Something that's always fascinating and frequently difficult in practice is adherence.

Especially with the anti -inflammatory maintenance meds.

Why's that so tough?

Because drugs like inhaled corticosteroids and even LTRAs, they don't provide immediate symptom relief.

Their benefit builds up slowly, over days or weeks.

Patients feel better because they're taking them, but they don't get that instant feedback loop like they do with a rescue inhaler.

Ah, so when they're feeling good, they might think, eh, maybe I don't need this maintenance inhaler today.

Precisely.

The rescue inhaler gives instant gratification.

I felt bad.

I used it.

I feel better.

The maintenance inhaler prevents them from feeling bad in the first place, but that cause and effect is less obvious day to day.

So the real challenge, and maybe the final provocative thought, is getting patients to truly internalize that the symptom -free days aren't luck.

Exactly.

Those good days are the direct result of diligently using those preventive anti -inflammatory medications that are working silently behind the scenes.

The ultimate success relies on understanding that daily maintenance is the most important part of their rescue plan, preventing the attack before it even starts.

It's a fundamental shift from reactive to proactive care.

That's a powerful way to frame it.

Moving from just reacting to symptoms to actually controlling the disease process itself.

That's the core of chronic respiratory management.

Well, we hope this deep dive has helped to make these complex drugs a bit clearer and leaves you feeling more prepared.

Remember those key safety points and the why behind them.

Absolutely.

Take this knowledge, think about it, and go apply it safely and effectively.

Thanks for joining us.

β“˜ This audio and summary are simplified educational interpretations and are not a substitute for the original text.

Chapter SummaryWhat this audio overview covers
Pharmacological management of respiratory disorders demands integration of normal airway physiology with targeted drug interventions across diverse patient populations and disease severities.
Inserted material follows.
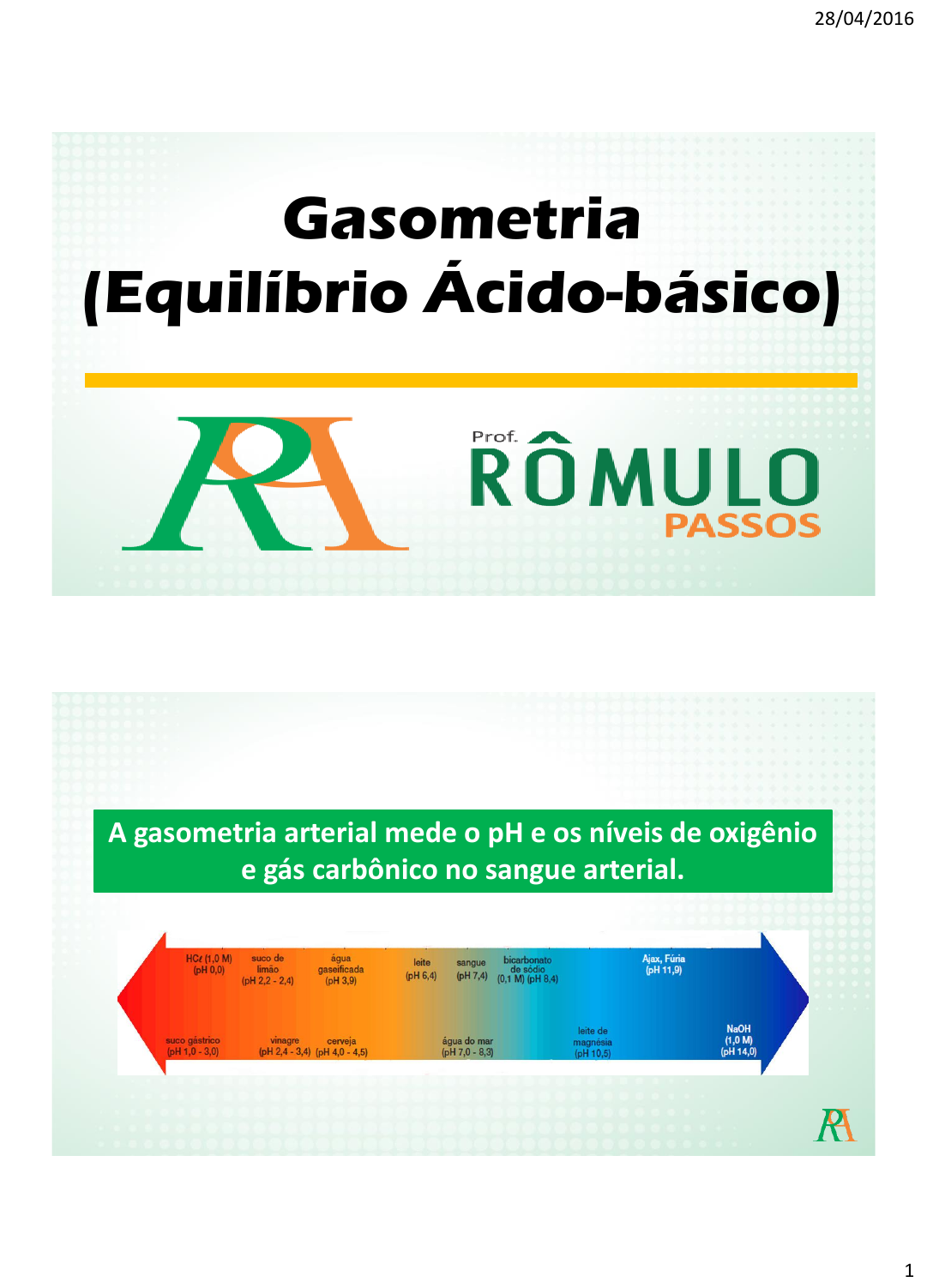 28/04/2016 1 Gasometria (Equilíbrio Ácido-básico) A gasometria arterial mede o pH e os níveis de oxigênio e gás carbônico no sangue arterial. LIVIA HONORATO DOS SANTOS - 049.094.326-80 28/04/2016 2 Conceitos Básicos • Substância que cede H+Ácido • Substâncias que captam H+Bases Para que as células possam desempenhar suas funções, o organismo necessita que a concentração de H+ seja mantida em níveis (pH) que oscilem entre 7,35 e 7,45. Equilíbrio Ácido-Base- Sistema Tampão: LIVIA HONORATO DOS SANTOS - 049.094.326-80 28/04/2016 3 Em condições normais existe um balanço entre os componentes metabólico e respiratório, que mantém o pH estável dentro da normalidade. Este balanço é conhecido como Sistema Tampão, e é representado pelo equilíbrio entre pCO2 e HCO3. Componente Respiratório CO2 Componente Metabólico HCO3 PH = 7,35 e 7,45 Acidose (↑ H+) respiratória ↑ PaCO2 EAP, pneumotórax, ↑ sedação metabólica ↓ bicarbonato (HCO3 -) ↑ FR p/ liberar CO2 mista ↑ PCO2 + ↓ HCO3 - Alcalose (↓ H+) respiratória ↓ PaCO2 hiperventilação metabólica ↑ bicarbonato (HCO3 -) ↓ FR p/ reter CO2 mista ↑ HCO3 - + ↓ PCO2 Resumo - Gasometria LIVIA HONORATO DOS SANTOS - 049.094.326-80 28/04/2016 4 HCO3: 22 a 26 mEq/L BE: - 2 a +2 mEq/L; PaCO2: 35 a 45 mmHg PaO2:80 a 100 mmHg PH: Normal 7,35 e 7,45 Parâmetros Avaliados PH: Alteração sugere desequilíbrio no sistema respiratório ou metabólico; Valores normais: entre 7,35 e 7,45; (pH < 7,35 = acidose; pH > 7,45 = alcalose); Faixa de pH compatível com a vida = 6,8 – 7,8. PaO2: Exprime a eficácia das trocas gasosas através da membrana alveolocapilar; Valores normais: de 80 a 100 mmHg; ↓ 60 mmHg = hipoxemia severa. PaCO2: Eficácia da ventilação alveolar; Valores normais: de 35 a 45 mmhg; Reflete distúrbios respiratórios do pH; (↓PaCO2 = hiperventilação = Alcalose respiratória e ↑PaCO2 = hipoventilação = Acidose respiratória). LIVIA HONORATO DOS SANTOS - 049.094.326-80 28/04/2016 5 HCO3: Concentração depende da função renal; Valores normais: de 22 a 26mEq/l; Reflete distúrbios metabólicos; (↓HCO3 = ↓ pH = acidose metabólica e ↑HCO3 = ↑ pH = alcalose metabólica). Base excess – BE: Sinaliza o excesso ou déficit de bases dissolvidas no plasma sanguíneo; Valores normais: -2 a +2; (BE↑ = alcalose metabólica e BE↓ = acidose metabólica). Como Interpretar uma Gasometria 1º • Avalia pH (normal, acidose ou alcalose) 2º • Que fator esta influenciando o pH (PCO2 ou HCO3?) 3º • Está havendo compensação do outro sistema ou não LIVIA HONORATO DOS SANTOS - 049.094.326-80 28/04/2016 6 Como Interpretar uma Gasometria • Apesar das alterações pH normalCompensado • pH alterado, porém o outro sistema aletrado para tentar compensar o distúrbio Parcialmente compensado • O outro sistema não altera tentando compensarDescompensado EXEMPLO: Um paciente intoxicado por barbitúricos, com respiração superficial, apresenta a seguinte gasometria arterial: PH= 7,19 PaCO2= 80 mmHg PaO2 = 48 mmHg HCO3= 30,5 mEq/L BE= -0,5 mEq/L Assim, teremos os diagnósticos de acidose respiratória parcialmente compensada por alcalose metabólica e hipoxemia grave por hipoventilação. LIVIA HONORATO DOS SANTOS - 049.094.326-80 28/04/2016 7 A interpretação desta gasometria demonstra: PH abaixo de 7,35= acidose PaCo2 acima de 45mmHg = hipoventilação levando à acidose respiratória Pa O2 abaixo de 50mmHg = hipoxemia grave HCo3 acima de 28mEq/L = alcalose metabólica BE normal = ausência de alcalose metabólica efetiva OBS: Teríamos acidose respiratória compensada por alcalose metabólica se o pH estivesse normal pH = 7,30 pCO2 = 52 mmHg HCO3 = 24mEq/l pH Baixo, PCO2 alto HCO3 Normal Acidose Respiratória: Causas - Hipoventilação (acúmulo de CO2), depressão do centro respiratório, obstrução do trato respiratório, doenças pulmonares, doenças neuromusculares, fibrose pulmonar, asma, entre outras. LIVIA HONORATO DOS SANTOS - 049.094.326-80 28/04/2016 8 pH = 7,32 pCO2 = 42 mmHg HCO3 = 19 mEq/l pH baixo, pCO2 normal, HCO3 baixo Acidose metabólica - Causas possíveis: cetoacidose diabética, insuficiência renal (reduz excreção renal de H+), diarreia grave, jejum prolongado, insuficiência hepática, intoxicação externa. pH = 7,49 pCO2 = 33 HCO3 = 23 mEq/l pH alto, pCO2 baixo, HCO3 normal Alcalose Respiratória Hiperventilação (perda CO2) Causas: -Ventilação mecânica excessiva (hiperventilação), febre elevada, sepse (estado hipermetabólito), doenças neurológicas, hipertireoidismo, ansiedade. LIVIA HONORATO DOS SANTOS - 049.094.326-80 28/04/2016 9 pH = 7,49 pCO2 = 44 mmHg HCO3 = 32 mEq/l pH alto, PCO2 normal, HCO3 alto Alcalose Metabólica Causas: - Perda excessiva de H+, estenose pilórica, vômitos, uso excessivo de diuréticos, tumor renal. pH = 7,05 pCO2 = 55 mmHg HCO3 = 18 mEq/l pH muito baixo, pCO2 alto,HCO3 baixo Acidose Mista LIVIA HONORATO DOS SANTOS - 049.094.326-80 28/04/2016 10 pH = 7,42 pCO2 = 22 mmHg HCO3 = 15 mEq/l pH normal, pCO2 baixo,HCO3 baixo Distúrbio Misto: Acidose Metabólica + Alcalose Respiratória PH = 7,35 e 7,45 Acidose (↑ H+) respiratória ↑ PaCO2 EAP, pneumotórax, ↑ sedação metabólica ↓ bicarbonato (HCO3 -) ↑ FR p/ liberar CO2 mista ↑ PCO2 + ↓ HCO3 - Alcalose (↓ H+) respiratória ↓ PaCO2 hiperventilação metabólica ↑ bicarbonato (HCO3 -) ↓ FR p/ reter CO2 mista ↑ HCO3 - + ↓ PCO2 Resumo - Gasometria LIVIA HONORATO DOS SANTOS - 049.094.326-80 28/04/2016 11 Sintomas e Tratamento - Alcalose Metabólica → hipóxia, hipercapnia (diminui a FR), turgor diminuído, hipotensão Estimular a perda do bicarbonato com Hidratação venosa com KCl e NaCl dialise (grave) Tratamento Sintomas e Tratamento - Alcalose Respiratória arritmias cardíacas, parestesias faciais e periféricas, cãibras, confusão mental, síncope e crises Convulsivas ↓ FR ou Volume da VM Analgesia e sedação Tratamento LIVIA HONOR

Asthma develops through an inflammatory cascade initiated by allergen exposure, triggering immunoglobulin E-mediated mast cell degranulation that releases histamine, leukotrienes, and other inflammatory mediators, ultimately producing airway obstruction and bronchospasm. Status asthmaticus represents a life-threatening emergency requiring urgent therapeutic intervention. Chronic obstructive pulmonary disease encompasses both chronic bronchitis and emphysema, conditions driven by cigarette smoke exposure and genetic factors including alpha-1 antitrypsin deficiency that progressively destroy lung tissue and compromise airway patency. Treatment approaches employ multiple drug classes designed for either acute symptom relief or sustained disease control. Short-acting beta agonists provide rapid bronchodilation for rescue therapy, while long-acting formulations require concurrent anti-inflammatory medications to prevent adverse clinical outcomes. Anticholinergic medications address the parasympathetic component of bronchoconstriction, operating through distinct mechanisms than adrenergic agents. Xanthine derivatives deliver dual benefits of bronchodilation and respiratory stimulation but demand careful therapeutic drug monitoring to maintain safety margins and prevent toxicity. Non-bronchodilating strategies target underlying inflammation through leukotriene receptor antagonism, corticosteroid-mediated pathway suppression, phosphodiesterase-4 inhibition, and emerging monoclonal antibody therapies for severe asthma unresponsive to conventional treatment. Nursing practice requires comprehensive respiratory assessment skills, thorough medication and exposure history evaluation, patient instruction in proper inhalation device use, and systematic monitoring for adverse effects including cardiovascular stimulation, immunosuppression, and psychiatric manifestations. Age-related variations necessitate special consideration of pediatric growth complications and geriatric metabolic changes. Clinical safety prioritizes clear distinction between rescue and maintenance medications, accurate administration across various delivery systems, and prevention of medication errors that compromise therapeutic outcomes.